:: Records for processing ::
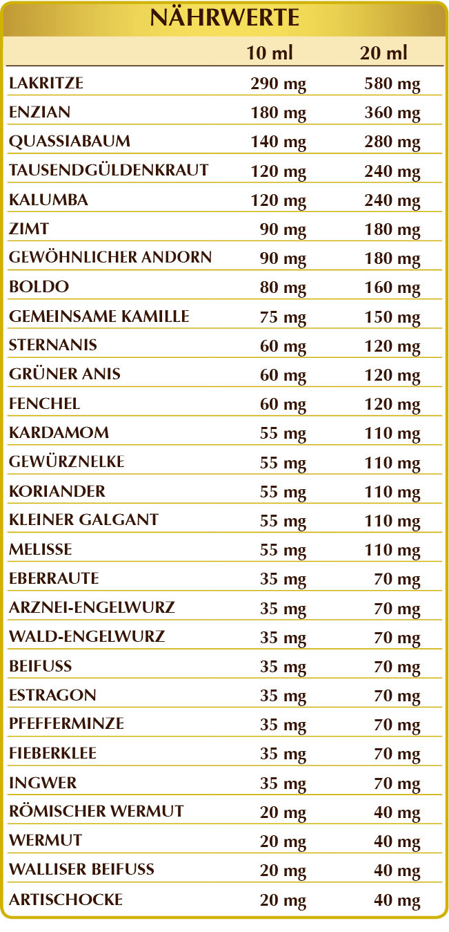 Nahrungsergänzungsmittel, das eine spezielle Mischung von 29 Kräutern enthält, die nützlich sind, um die Verdauungsfunktion zu unterstützen. Des Weiteren fördern Kalumba, Andorn, Zimt, Kamille, Sternanis, Grüner Anis, Fenchel, Kardamom, Gewürznelke, Koriander, Kleiner Galgant, Melisse, Beifuß, Arznei-Engelwurz, Wald-Engelwurz, Pfefferminze, Ingwer, Artischocke und Wermut die Beseitigung von Blähungen.
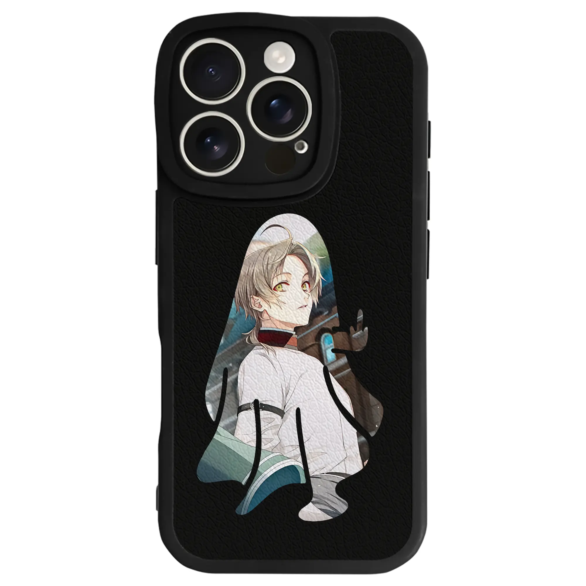 無職転生 グッズ,ルーデウス・グレイラット - IPhone 16シリーズ対応 ・ シリコンスマホケース ・ レザー調 ・ 高精度フィット ・ 耐衝撃 ・ ワイヤレス充電対応 ・ 精密カット
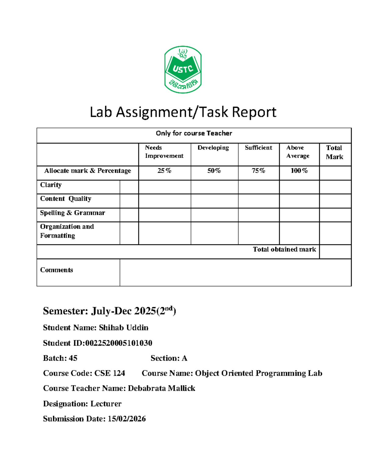 OOP with Java Lab Manual (24BAI10198) - Exercises and Solutions - Studocu
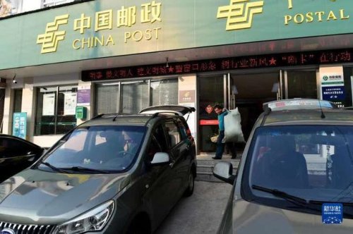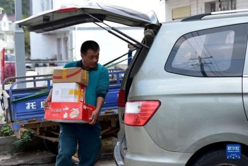 10月28日,在太湖县北中镇莲花村,吴义阳将村民寄出的包裹搬运上车。
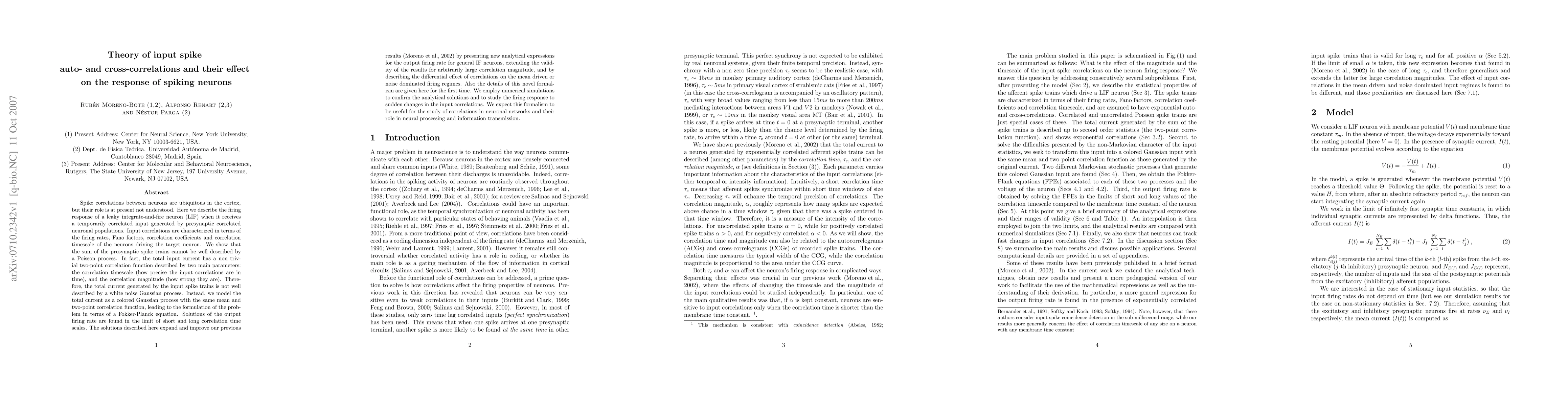 This paper investigates how input spike auto- and cross-correlations affect the firing response of a leaky integrate-and-fire neuron, revealing that presynaptic spike correlations cannot be modeled by Poisson processes. It provides analytical solutions for the neuron's output firing rate under different correlation timescales.
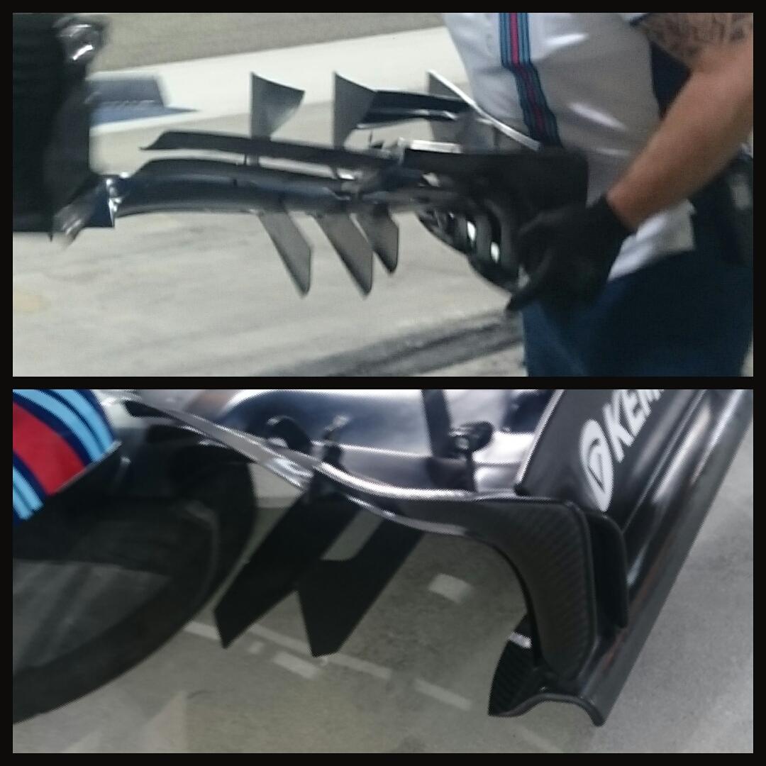 Un’altra novità interessante del weekend l’ha portata la Williams, che ha riproposto una versione di ala anteriore modificata nella parte inferiore, dotata di tre deviatori verticali (FOTO), solo brevemente provata lo scorso weekend. Nessuna traccia del nuovo cofano provato in Cina (FOTO); evidentemente le temperature del Sakir non hanno favorito l’utilizzo di questa soluzione.
:::
◆ The task: Begin with the line containing "無職転生 グッズ,ルーデウス・グレイラット - IPhone", stop at the last line of the records above, and copy every line in between exactly, both ends included, with no pictures.

◆ Exercise output:
 無職転生 グッズ,ルーデウス・グレイラット - IPhone 16シリーズ対応 ・ シリコンスマホケース ・ レザー調 ・ 高精度フィット ・ 耐衝撃 ・ ワイヤレス充電対応 ・ 精密カット
 OOP with Java Lab Manual (24BAI10198) - Exercises and Solutions - Studocu
 10月28日,在太湖县北中镇莲花村,吴义阳将村民寄出的包裹搬运上车。
 This paper investigates how input spike auto- and cross-correlations affect the firing response of a leaky integrate-and-fire neuron, revealing that presynaptic spike correlations cannot be modeled by Poisson processes. It provides analytical solutions for the neuron's output firing rate under different correlation timescales.
 Un’altra novità interessante del weekend l’ha portata la Williams, che ha riproposto una versione di ala anteriore modificata nella parte inferiore, dotata di tre deviatori verticali (FOTO), solo brevemente provata lo scorso weekend. Nessuna traccia del nuovo cofano provato in Cina (FOTO); evidentemente le temperature del Sakir non hanno favorito l’utilizzo di questa soluzione.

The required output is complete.